_DATA SECTION_:

[Start of section]

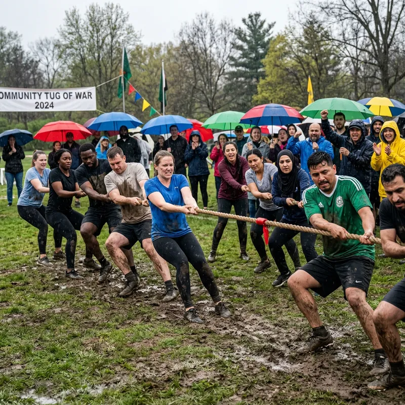 A captivating image of a tug of war competition. Two groups of multicultural, diverse people are engaged in a spirited game, their faces reflecting immense concentration and determination. One group consists of a balanced mix of male and female participants of Caucasian and Black descent, whereas the other group represents individuals of Hispanic and Middle-Eastern descent, also with an even gender distribution. The rope stretched taut between them is vibrant, a stark contrast against the grassy field they're standing on. Supporters cheer from sidelines, huddled under colorful umbrellas as a slight drizzle begins to fall.
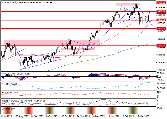 Środkowa faza sesji lokuje WIG20 w rejonie 3395 pkt. Indeks zredukował właśnie zwyżkę do 0,9 procent po impulsie spadkowym z otoczenia, które odpowiedziało na wzrost cen ropy. Kontrakt na ropę crude znalazł się ułamek od poziomu wczorajszego zamknięcia, co oznacza też możliwość odrobienia całości wcześniejszych spadków – o około 3 procent – które stały za nocnym optymizmem kontraktów na amerykańskie indeksy i wzrostami indeksów europejskich. Całość sumuje się w układ sił, w którym od GPW należy oczekiwać podtrzymania zależności od otoczenia i wyniku sesji podyktowanego przez zachowanie giełd bazowych.
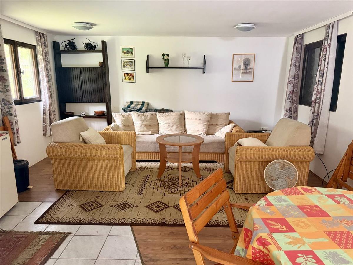 Ami igazán különlegessé teszi az ingatlant, az a környezet: hatalmas fák, csend, erdei hangulat — olyan hely, ahol a nap végén tényleg le lehet lassulni.
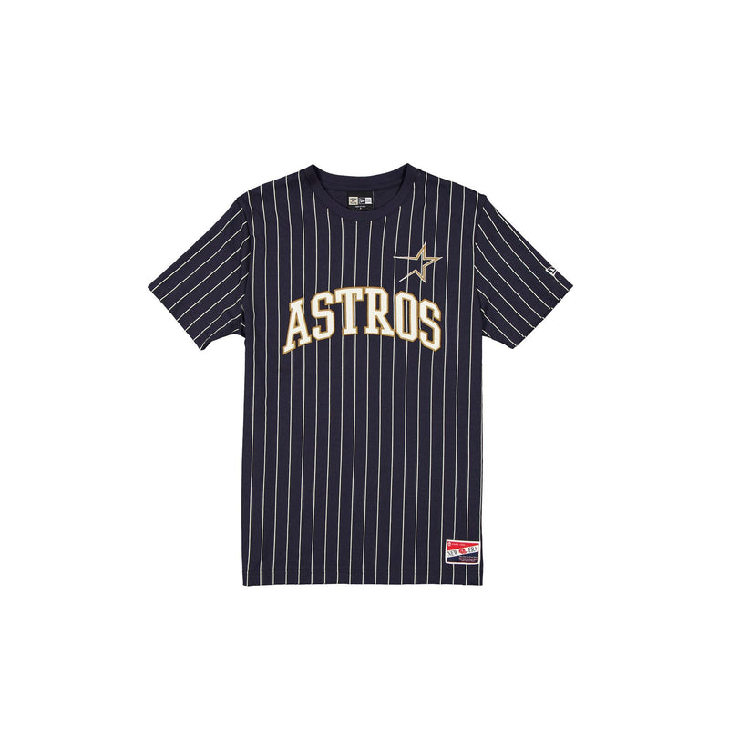 The Houston Astros Throwback Pinstripe Wordmark T-Shirt features a twill applique Astros wordmark and Cooperstown logo at the front with a New Era jock tag at the left hip.

[End of section]

Your response should reproduce the entire listing verbatim, minus the pictures.

 A captivating image of a tug of war competition. Two groups of multicultural, diverse people are engaged in a spirited game, their faces reflecting immense concentration and determination. One group consists of a balanced mix of male and female participants of Caucasian and Black descent, whereas the other group represents individuals of Hispanic and Middle-Eastern descent, also with an even gender distribution. The rope stretched taut between them is vibrant, a stark contrast against the grassy field they're standing on. Supporters cheer from sidelines, huddled under colorful umbrellas as a slight drizzle begins to fall.
 Środkowa faza sesji lokuje WIG20 w rejonie 3395 pkt. Indeks zredukował właśnie zwyżkę do 0,9 procent po impulsie spadkowym z otoczenia, które odpowiedziało na wzrost cen ropy. Kontrakt na ropę crude znalazł się ułamek od poziomu wczorajszego zamknięcia, co oznacza też możliwość odrobienia całości wcześniejszych spadków – o około 3 procent – które stały za nocnym optymizmem kontraktów na amerykańskie indeksy i wzrostami indeksów europejskich. Całość sumuje się w układ sił, w którym od GPW należy oczekiwać podtrzymania zależności od otoczenia i wyniku sesji podyktowanego przez zachowanie giełd bazowych.
 Ami igazán különlegessé teszi az ingatlant, az a környezet: hatalmas fák, csend, erdei hangulat — olyan hely, ahol a nap végén tényleg le lehet lassulni.
 The Houston Astros Throwback Pinstripe Wordmark T-Shirt features a twill applique Astros wordmark and Cooperstown logo at the front with a New Era jock tag at the left hip.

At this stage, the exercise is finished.